There's some good info, there, Taxico and thanks for posting it. Welcome aboard the forum, too!


----------



## taxico (Jun 16, 2008)

after much waiting (8 days), the watch is here! the older SBCW005-5M45 kinetic flightmaster.

this is my third seiko (i'm normally a mechanical swiss freak) and replaces my SLT095-8F56 milemarker (too heavy) and is also my first titanium time piece.

because i'm away from home (and will be for the next few years), i don't have any watch winders with me; so this quartz will probably end up as my daily beater!
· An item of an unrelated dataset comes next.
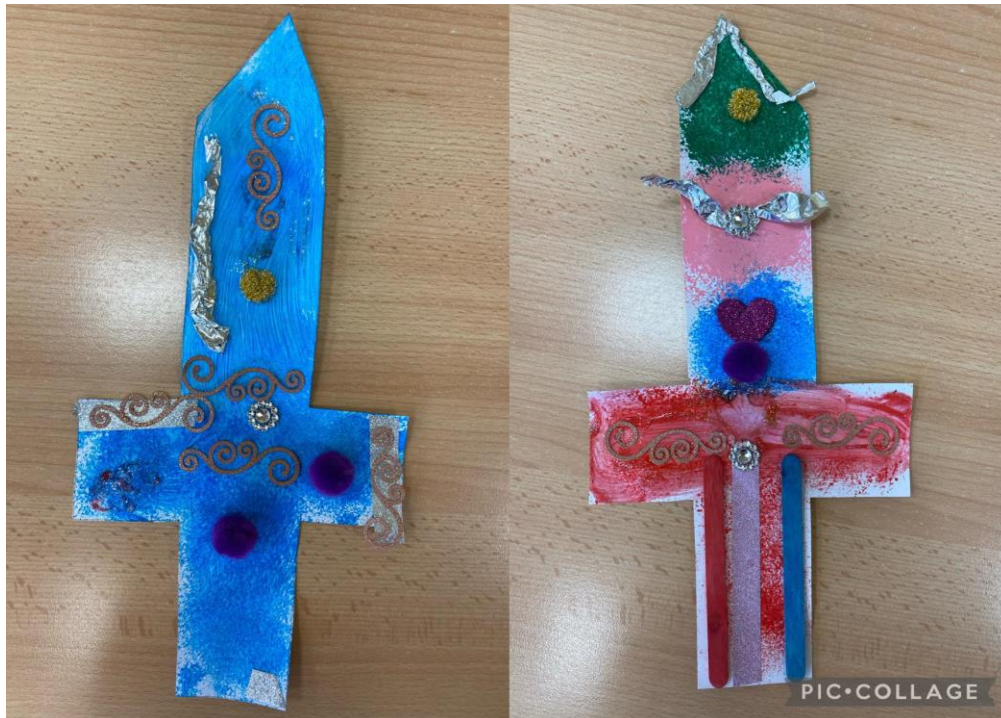
Obrázek 14 Hotové meče

the dial is very nicely checkered and looks unique in the light. i can't capture it because i don't have a manual focus camera.

the lume is wonderfully bright for a nearly decade old watch and the "tick" isn't too loud.

still trying to get used to the weird kinetic rotor and the "S" at the end of the second hand.

some thoughts after owning it that's different from what i expected from research:

the checkered dial is a lot more detailed and differently presented than in pictures.

the bezel is actually half-chromed titanium that reflects into a black-esque color.

the pointed "arrow" end of the second hand is outlined in white, not shiny stainless steel.


----------



## DMP (Jun 6, 2008)

ya lucky dog - that's the beastie I was hoping to find! Enjoy in good health mate.


----------



## berni29 (Jul 7, 2008)

Hi

I also came to Seiko from the Rolex GMT II (which I still own but will be selling).

I originally wanted a flightmaster SBDW011 like yourself, but then discovered the one piece titanium SBCW003 and SBCW007 (see links below) which are in my opinion fantastic watches and enough to make me jettison the Rolex. They are hard to find though.

http://www.ittc.ku.edu/~jgauch/watch/diver...tz/SBDW011.html

http://www.ittc.ku.edu/~jgauch/watch/diver...tz/SBCW007.html

http://www.ittc.ku.edu/~jgauch/watch/diver...tz/SBCW003.html

All the best

Berni


----------



## DMP (Jun 6, 2008)

Good luck with your hunting, Berni, and if you find a SBDW011 lying around feeling lonely, please let me know!

Cheers

Dave


----------



## Mikertroid (Jul 14, 2008)

Got a Flightmaster GMT with the newer motor from Higuchi about 18 months ago.

Have to report it's been superb in the most testing of environments.

I get admiring comments from friends who know their watches and have spent far more than me.

I reckon It gains about a second a month, maybe less. Truly superb.


----------



## Alexus (Apr 9, 2003)

DMP said:


> just found a nice photo of one:


That 24 hour chapter ring is great....this watch goes on my list to buy.


----------



## Mikertroid (Jul 14, 2008)

Okay, I'll mention the only negative aspect:

the 24 hr scale on the face is practically unreadable, so you're looking at 2 time-zones not 3 (If you use the bezel to show you UTC). Personally, I'll leave the 12 hr hand on UTC and flick the bezel to give me local time.


----------